Anyone have any info?


----------



## OEMplusCC (Jan 27, 2013)

Whats millage on your car? I bet you this error is related to carbon build up.


----------



## kcamse (Mar 12, 2013)

Car has 85000.


----------



## OEMplusCC (Jan 27, 2013)

kcamse said:


> Car has 85000.



Yep carbon build up... Reason why I am assuming this is because the code states that car stalled while idling. I would suggest carbon cleaning in some experienced euro shop.

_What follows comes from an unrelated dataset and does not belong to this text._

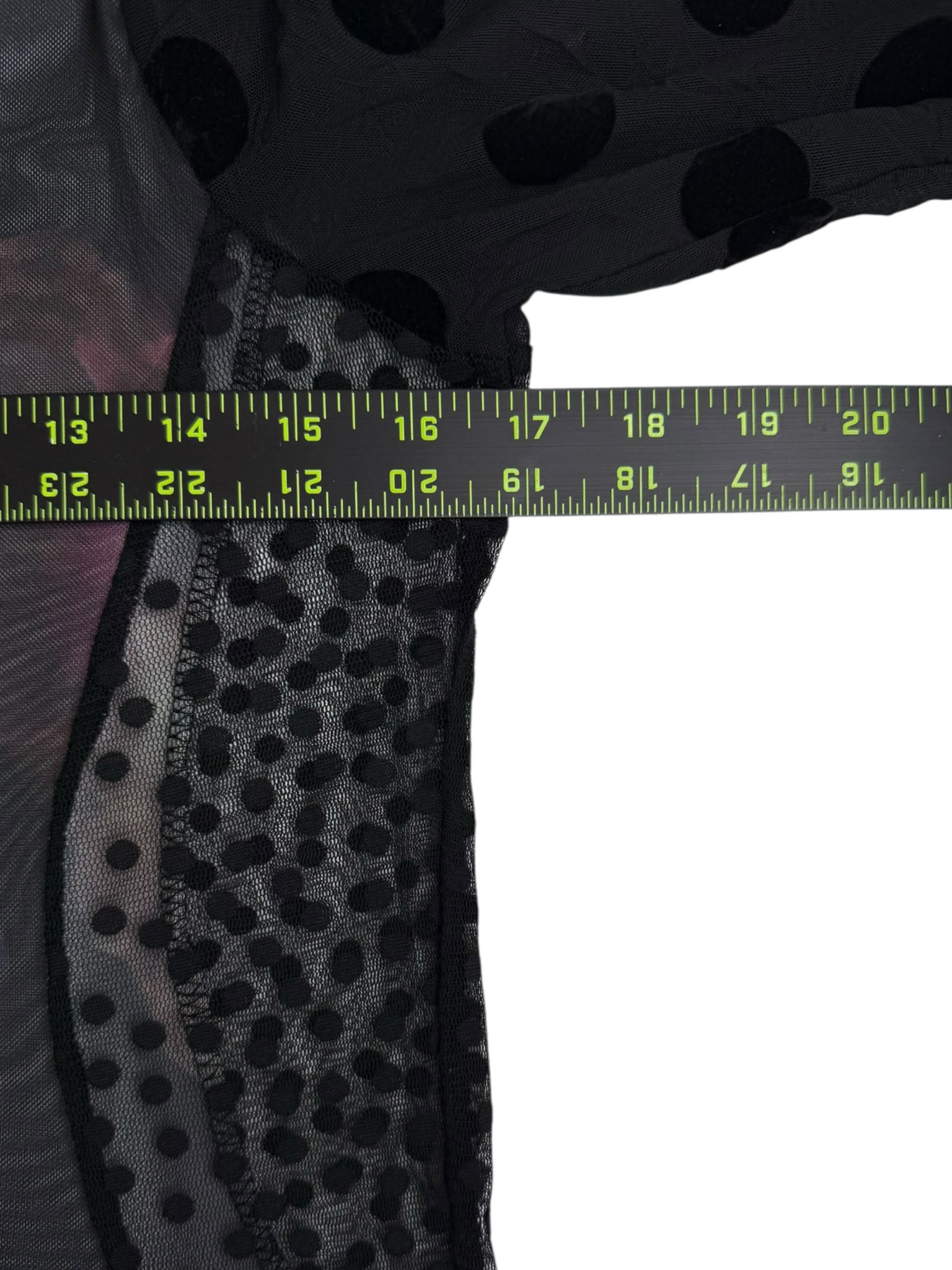 Black mesh maxi dress with floral designs on the torso and large and small polka dots on the sleeves and sides of the dress. Dress has pockets and a black slip dress underneath.

Again I am not an expert but this is strong possibility


----------



## snobrdrdan (Sep 10, 2008)

OEMplusCC said:


> Yep carbon build up
> 
> Again I am not an expert but this is strong possibility


x2 on this


----------



## kcamse (Mar 12, 2013)

Where would Carbon build up be ? It only idles rough when engine is cold


----------



## snobrdrdan (Sep 10, 2008)

kcamse said:


> Where would Carbon build up be ? It only idles rough when engine is cold


Read this post:
http://forums.vwvortex.com/showthre...g-shocking&p=85946438&viewfull=1#post85946438

Carbon buildup/gunk on the intake valves. You have to pull off the intake manifold:
http://forums.vwvortex.com/showthread.php?5355100-TSI-Intake-Manifold-Removal-DIY-Valve-Cleaning


----------